All three events were recorded for purposes of podcasting but we didn’t have the time or resources to magic it into MP3 goodness. New NMK editor Ian Delaney will soon have a better idea of when it might happen.

In the meantime you can watch a video of the ‘RSS Frontiers’ talks and some of the discussion here, thanks to the industrious Ian Forrester of BBC Backstage.

Chinwag Live – Mobile Metamorphosis

Are mobile business models undergoing a tectonic shift, and how might this affect the mobile value chain?

These issues and more are set to be explored at the next Chinwag Live event on Monday 26th February – Mobile Metamorphosis.

The speakers include Jonathan MacDonald of Blyk, Europe’s first ad-funded free MVNO due to launch in the UK later this year, alongside Hugh Griffith, representing O2. Formely their Head of Data Products & Content, Hugh is now working on a project for O2 Group Strategy, planning the company’s approach to mobile internet, advertising and search.

In the mobile hotseats…

Bringing an analyst’s perspective to the panel is Jessica Sandin of Fathom Partners, one of the most experienced and widely respected practitioners in the field. In turn, Russell Buckley, Managing Director for mobile advertising network Admob Europe is equally renowned for the joint blog he runs with Carlo Longino – Mobhappy.

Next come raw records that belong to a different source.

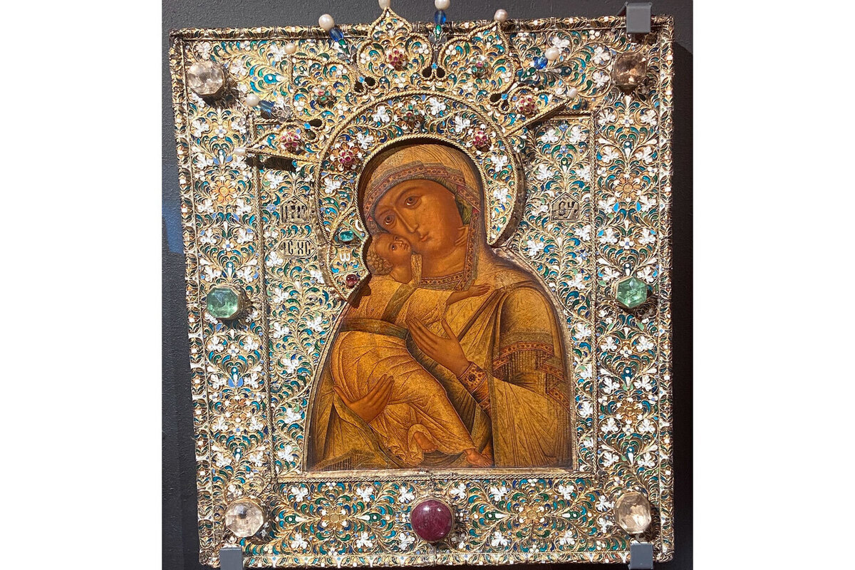 Каждый из шести экспонатов наглядно иллюстрирует этапы развития искусства эмали в XVII веке. Например, икона «Богоматерь Владимирская», созданная в Оружейной палате Московского Кремля, демонстрирует тончайшую технику узорочья. Орнаменты выполнены с использованием серебряных и золотых нитей, скрученных в жгут или представленных в виде лент. Полученные контуры заполнены эмалевым порошком. Результат впечатляет: фон иконы выглядит как цветущий сад, сияющий на свету. Эта икона встречает посетителей первой. Многие могут подумать, что она инкрустирована драгоценными камнями, но это эффект прозрачной (транспарантной) эмали, которая пропускает свет и обладает блеском, напоминающим сияние самоцветов.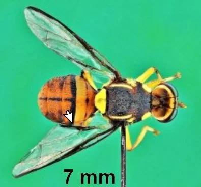 Fruit flies (family Tephritidae) are among the world’s most destructive horticultural pests; larvae feed inside fruit and vegetables, making produce unmarketable. They reproduce rapidly, and many species attack hundreds of host crops, fruits and vegetables.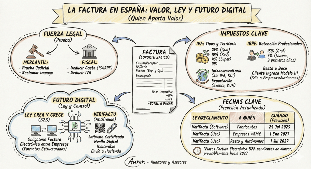 En este artículo repasamos qué da fuerza legal a una factura, cómo gestionar sus impuestos (IVA e IRPF) y, crucialmente, cómo prepararse para los cambios legislativos que se avecinan.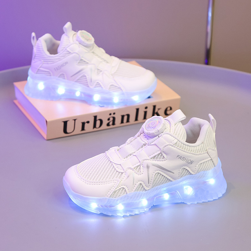 충전식 발광 신발 다채로운 조명 신발 회전 버튼 메쉬 흰색 신발 소년과 소녀 어린이 운동화 토레 신발스토어 가기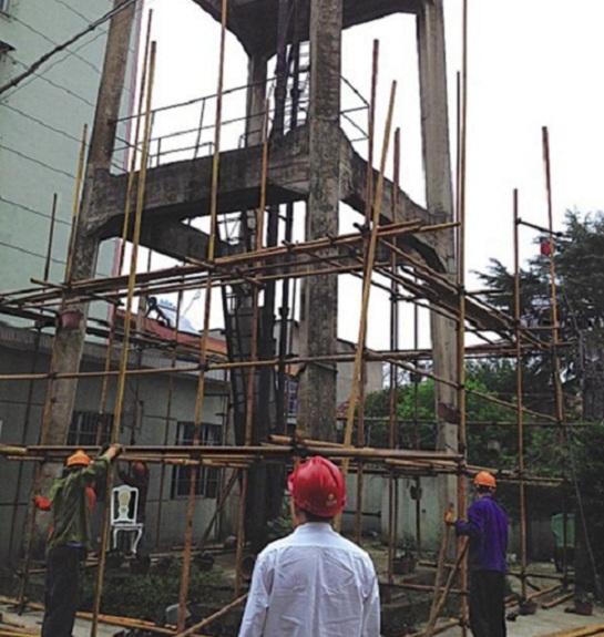 (2)水塔施工人员应先经过医务部门的体检,证明体格适合高处作业者,才能允许进行作业。在水塔操作平台的施工人员必须定期进行体检,经医生诊断凡患有高血压、心脏病、贫血、癫痫病及其他不适合高处作业疾病的不得上操作平台工作。

We announced the event yesterday, and the tickets are already 40% sold out. What else to say really… except that this is an exceptionally choice opportunity to quiz some interesting players in the mobile space and explore the issues surrounding mobile business models and the value chain with an audience of your peers.

Is it over-optimistic to think that 2007 could be mobile’s tipping point?